W2 = tf.Variable(tf.truncated_normal([200, 10], stddev=0.1))
B2 = tf.Variable(tf.zeros([10]))
The shape of the weights matrix for a layer is [N, M] where N is the number of inputs and M of outputs for the layer. In the code above, we use 200 neurons in the intermediate layer and still 10 neurons in the last layer.




And now change your 1-layer model into a 2-layer model:
XX = tf.reshape(X, [-1, 28*28])

Y1 = tf.nn.sigmoid(tf.matmul(XX, W1) + B1)
Y  = tf.nn.softmax(tf.matmul(Y1, W2) + B2)
That's it. You should now be able to push your network above 97% accuracy with 2 intermediate layer with for example 200 and 100 neurons.

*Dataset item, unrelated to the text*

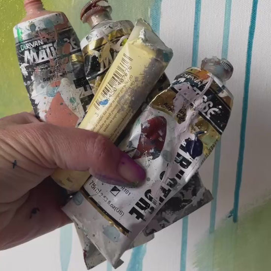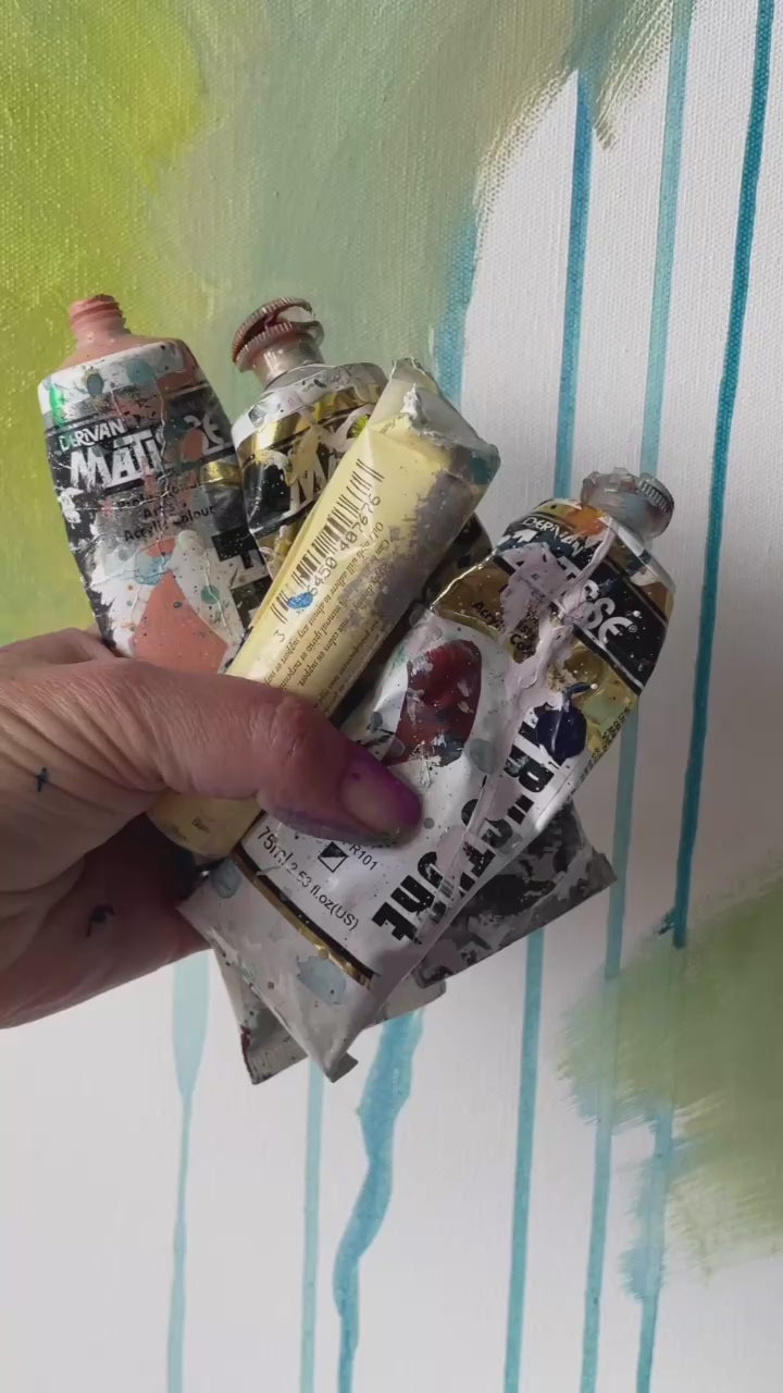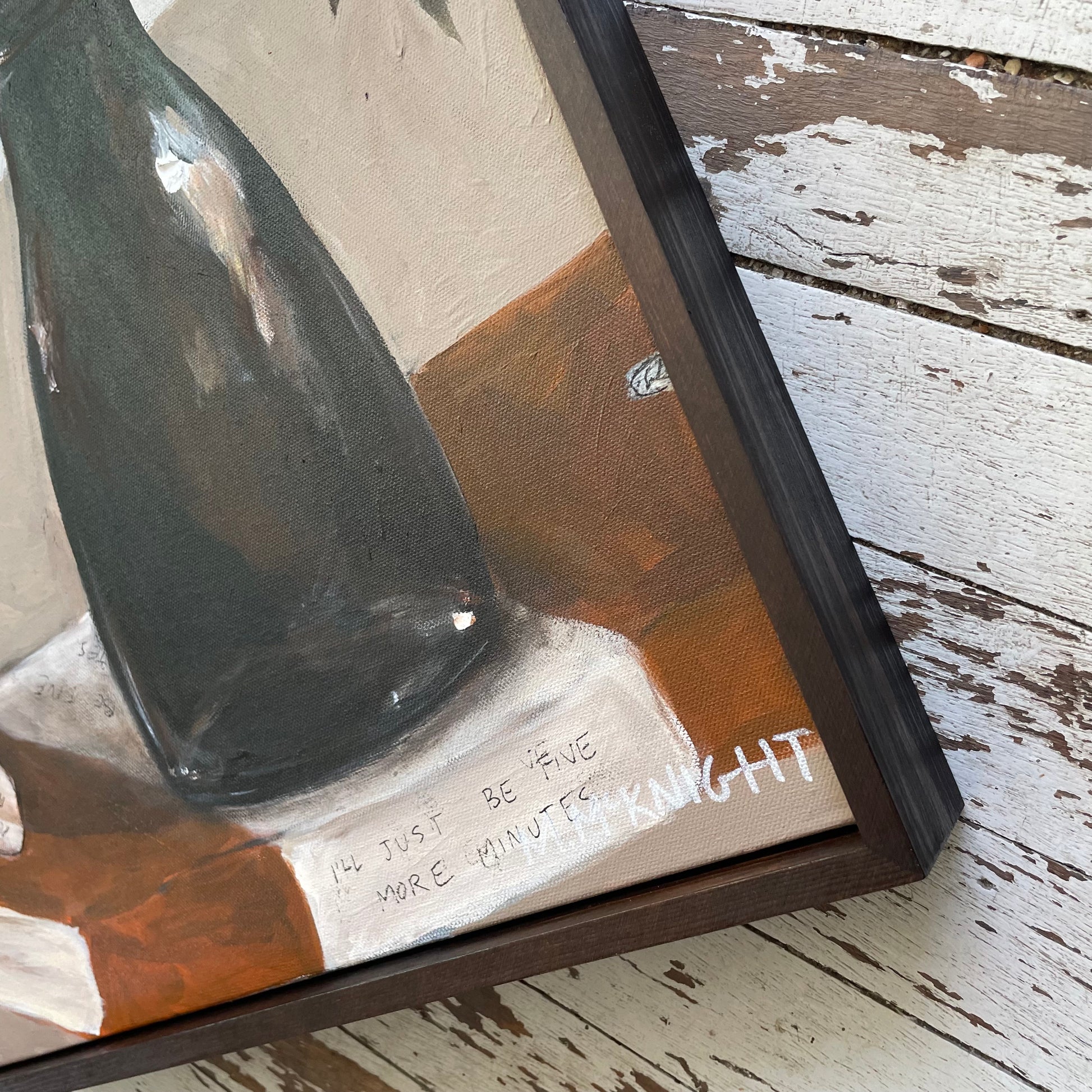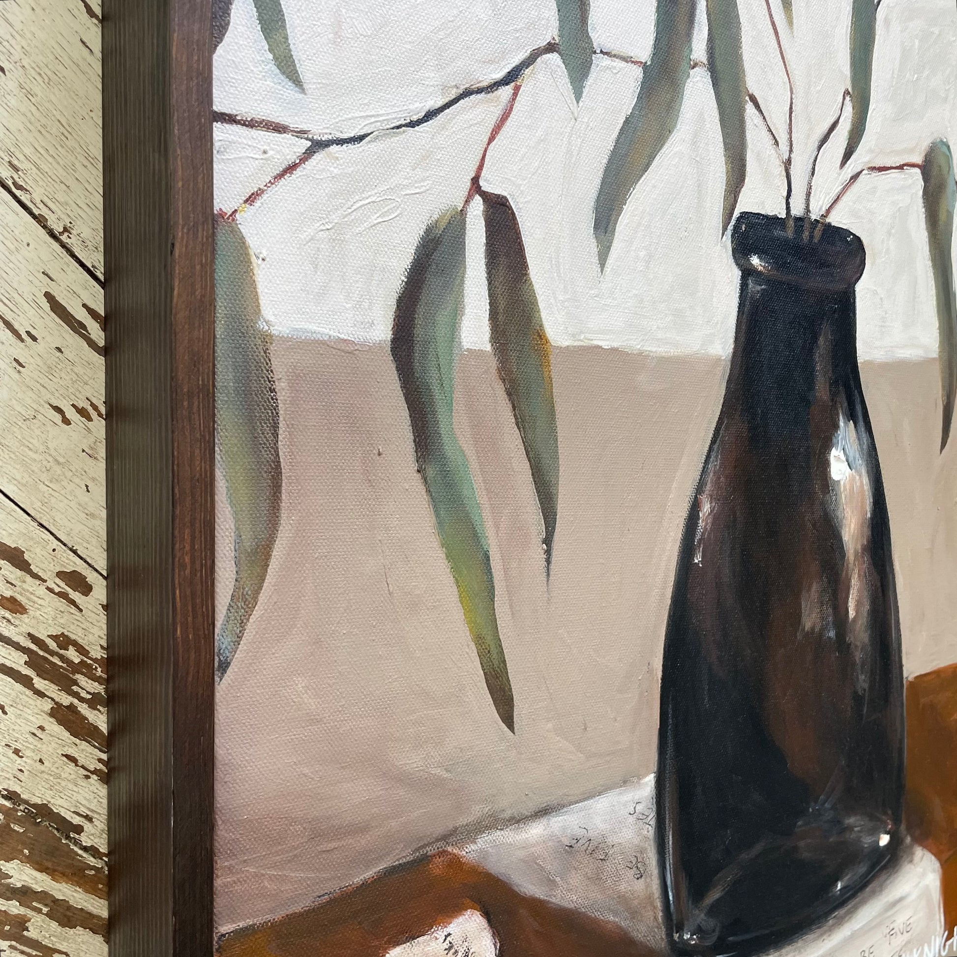 McKnight’s beautiful still life painting captures a vignette of books, a reclaimed vase and a few sprigs of gum tree, taken from her own Sydney garden. Inspired by vintage artwork, she has toned down her usual colour palette in this piece, letting the nostalgia and love of literature shine through and take centre stage.

8. Lab: special care for deep networks


As layers were added, neural networks tended to converge with more difficulties. But we know today how to make them behave. Here are a couple of 1-line updates that will help if you see an accuracy curve like this:

Relu activation function

The sigmoid activation function is actually quite problematic in deep networks. It squashes all values between 0 and 1 and when you do so repeatedly, neuron outputs and their gradients can vanish entirely. It was mentioned for historical reasons but modern networks use the RELU (Rectified Linear Unit) which looks like this:






A better optimizer

In very high dimensional spaces like here - we have in the order of 10K weights and biases - "saddle points" are frequent. These are points that are not local minima but where the gradient is nevertheless zero and the gradient descent optimizer stays stuck there. TensorFlow has a full array of available optimizers, including some that work with an amount of inertia and will safely sail past saddle points.





Random initialisations

Accuracy still stuck at 0.1 ? Have you initialised your weights with random values ? For biases, when working with RELUs, the best practice is to initialise them to small positive values so that neurons operate in the non-zero range of the RELU initially.
W = tf.Variable(tf.truncated_normal([K, L] ,stddev=0.1))
B = tf.Variable(tf.ones([L])/10)





NaN ???


If you see your accuracy curve crashing and the console outputting NaN for the cross-entropy, don't panic, you are attempting to compute a log(0), which is indeed Not A Number (NaN). Remember that the cross-entropy involves a log, computed on the output of the softmax layer. Since softmax is essentially an exponential, which is never zero, we should be fine but with 32 bit precision floating-point operations, exp(-100) is already a genuine zero.
Fortunately, TensorFlow has a handy function that computes the softmax and the cross-entropy in a single step, implemented in a numerically stable way. To use it, you will need to isolate the raw weighted sum plus bias on your last layer, before softmax is applied ("logits" in neural network jargon).
If the last line of your model was:
Y = tf.nn.softmax(tf.matmul(Y4, W5) + B5)
You need to replace it with:
Ylogits = tf.matmul(Y4, W5) + B5
Y = tf.nn.softmax(Ylogits)
And now you can compute your cross-entropy in a safe way:
cross_entropy = tf.nn.softmax_cross_entropy_with_logits(Ylogits, Y_)
Also add this line to bring the test and training cross-entropy to the same scale for display:
cross_entropy = tf.reduce_mean(cross_entropy)*100




You are now ready to go deep.


9. Lab: learning rate decay


With two, three or four intermediate layers, you can now get close to 98% accuracy, if you push the iterations to 5000 or beyond. But you will see that results are not very consistent.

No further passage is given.